In most cases of Stendhal syndrome, those affected only have very few and only very limited direct follow-up measures available. In most cases, direct treatment is not necessary for Stendhal syndrome, since the symptoms disappear on their own after just a few minutes or hours.

As a rule, there are no special complications or other complaints, so that a visit to a doctor is usually not necessary. However, if the symptoms of Stendhal syndrome occur frequently, a psychologist should be contacted. After the onset of the symptoms, the person concerned should rest and take it easy.

You should also keep your distance from the triggering works of art in order not to provoke the symptoms again. The disease does not lead to a reduced life expectancy of the affected person and there are no other complaints either. Since Stendhal’s syndrome is still a very unexplored disease, no special treatment measures are available.

You can do that yourself

Since Stendhal syndrome usually goes away on its own after the overstimulation has ended, no treatment is necessary. The most important measure is to process the stimuli, for example by keeping a diary or by artistically dealing with what you have seen.

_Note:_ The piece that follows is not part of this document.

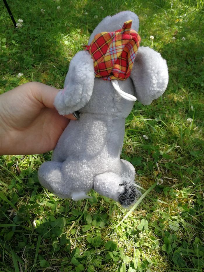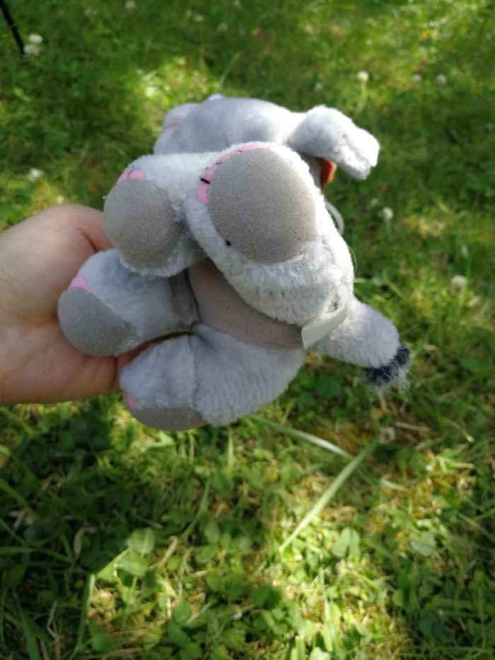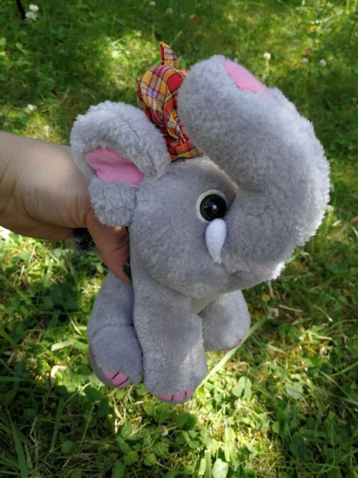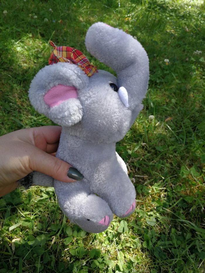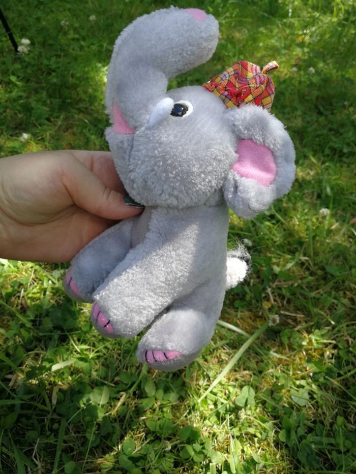 Peluche éléphant avec le bonnet et une attache pour le suspendre, il est en bon état géénral, la queue est un peu abîmée. La peluche mesure 20 cm et pèse 80 g #pelucheelephant #peluche #elephant #éméphant #elephantpeluche

Particularly severe cases of Stendhal syndrome can be treated in talk therapy. If typical symptoms such as dizziness and nervousness do not go away on their own, a therapeutic work-up is an option. It is usually sufficient to talk through the triggering situation again and to break down particularly intense impressions. You don’t need to see a psychologist for this. Conversations with friends and acquaintances are usually enough to work through the sensory overload.

Acute complaints, such as those that occasionally occur when visiting culturally significant places, require a break. Those affected should withdraw from the stimuli and, if necessary, break off the excursion or the inspection of the object. If you have shortness of breath or dizziness, it is advisable to see a doctor, especially if the symptoms last for a long time or are particularly intense. Stendhal syndrome requires medical attention if it recurs and is bothersome.